A second, complementary point is the presence of aus rice varieties focused in Bangladesh and Assam. Genetically, aus is as distinct from indica and japonica as they are from each other (Civáň et al., 2015; Garris et al., 2005; Schatz et al., 2014; Travis et al., 2015; Zhao et al., 2011). Unlike indica, with which aus varieties were traditionally classified, aus does not share key domestication-related traits with japonica. For example, white pericarp varieties of aus have a unique rc-s mutation, although many varieties have the ancestral red trait (Kovach et al., 2007; Sweeney et al., 2007). The diversity of aus varieties comes from Bangladesh and India (Garris et al., 2005; Zhao et al., 2011), but where more detailed geolocations are available, these are specially from northeastern India, the states of Assam and West Bengal, although extending westwards as rainfed, short growing season rice through the Himalayan foothills. The term ‘aus’ is traditionally used (in the Bengali language) to refer to the short season early monsoon rainfed rice, in contrast to irrigated winter boro rice (also genetically aus group), or the deep water aswina and rayada rices (also aus group) grown in the Ganges–Brahmaputra delta (Travis et al., 2015). There are also very few genotypic japonica varieties found in Assam or West Bengal (Travis et al., 2015). In contrast, less than 3% of rice landraces in Yunnan are attributed to aus/boro varieties whereas >75% of landraces are japonica (Zeng et al., 2007). Thus, it seems unlikely that early domesticated japonica would have dispersed through this region to give domestication-related mutations to indica, such as rc, while different mutations in aus were not transmitted westwards. Varieties of aus found further west in India are likely to be younger, as are those in mainland Southeast Asia. Historical records indicate that aus rices came to China via Vietnam in the early Second Millennium AD, known as the ‘champa’ rices (Barker, 2011). We therefore conclude that it is unlikely that rice cultivation would have dispersed through this region or at least not quickly and easily. To represent this in hypothesis H2, we have imposed a simple geometrical barrier that stops potential east-to-west movement along this region and which is represented in Figure 3.
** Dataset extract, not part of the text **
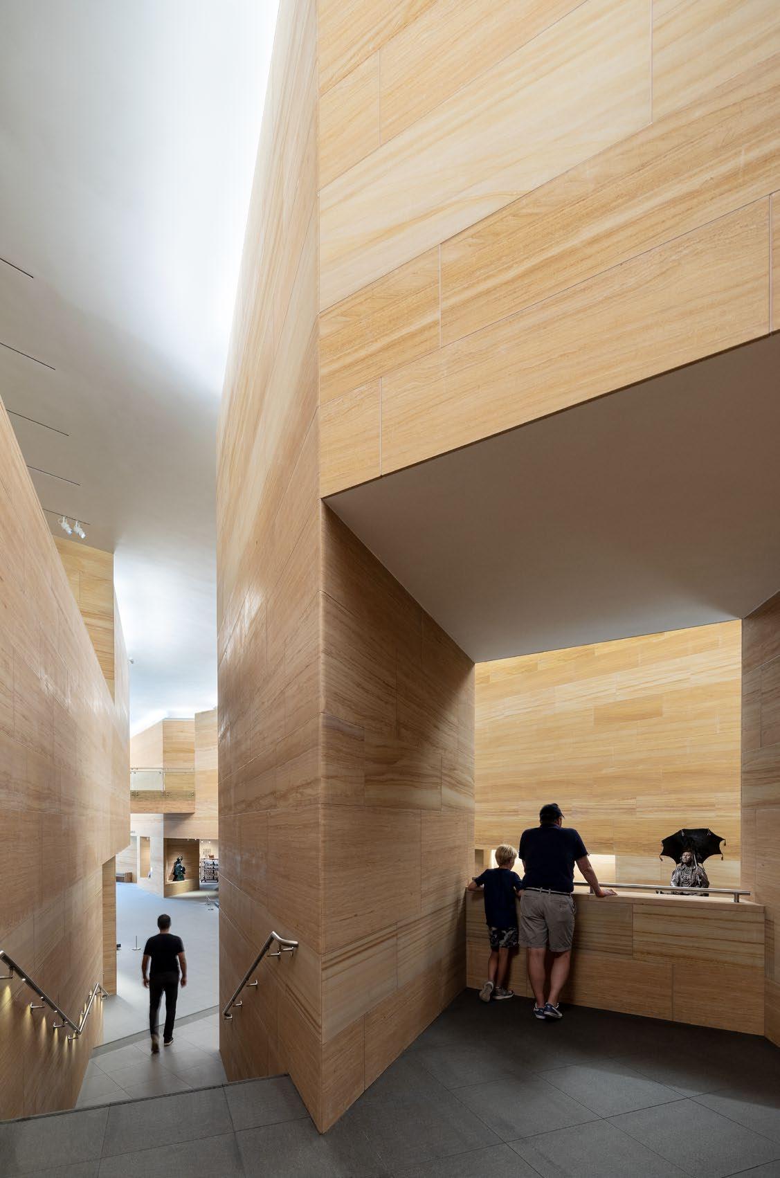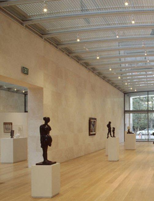 The museum’s main floor is organized into five parallel travertine-clad pavilions, each ending with clear glass walls that extend the interior into the Peter Walker-designed sunken sculpture garden. Its signature curved glass roof features a custom-cast aluminum grill, diffusing light to provide optimal viewing conditions for the art.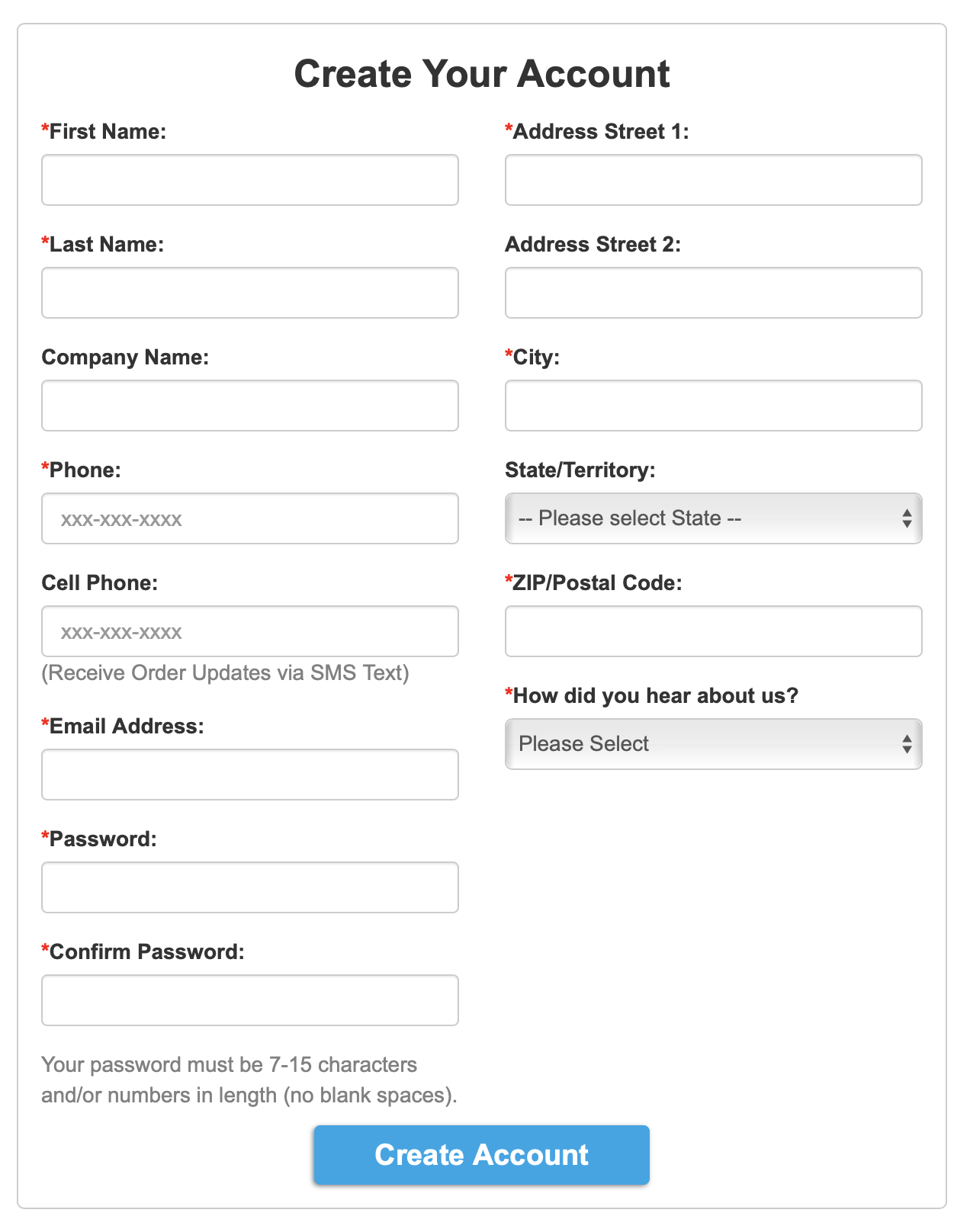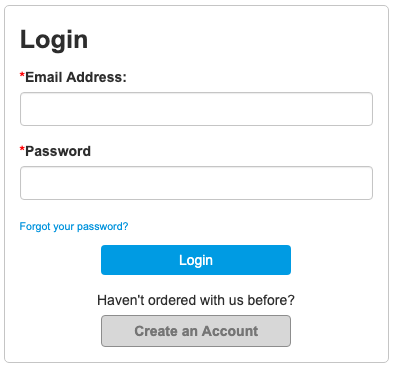 To create an account on the PrintingCenterUSA website, simply click “login” at the top right of the screen. You will then be taken to a form (pictured below) where you will enter your account information and “Create Account.” You will then be taken to your My Account page.

However, we have also included the emergent ‘mixed-route’ hypothesis (H3) in the modelling to see whether it is supported at all by the archaeological data. This hypothesis, original to this paper, suggests two concurrent introductions of japonica rice into the Indian subcontinent: one into the northwest and another into the northeast (Figure 3), as discussed above.
As models H2 and H3 include a trade route – the corridor – our modelling efforts must acknowledge that dispersal along such a route could occur at a different rate from that in the rest of our domain. To implement this, we have included an extra parameter in these models that effectively controls the friction of these corridors: a low friction yielding a higher spread rate or, alternatively, a higher friction yielding a lower spread rate (see Silva and Steele, 2014 for more on this approach).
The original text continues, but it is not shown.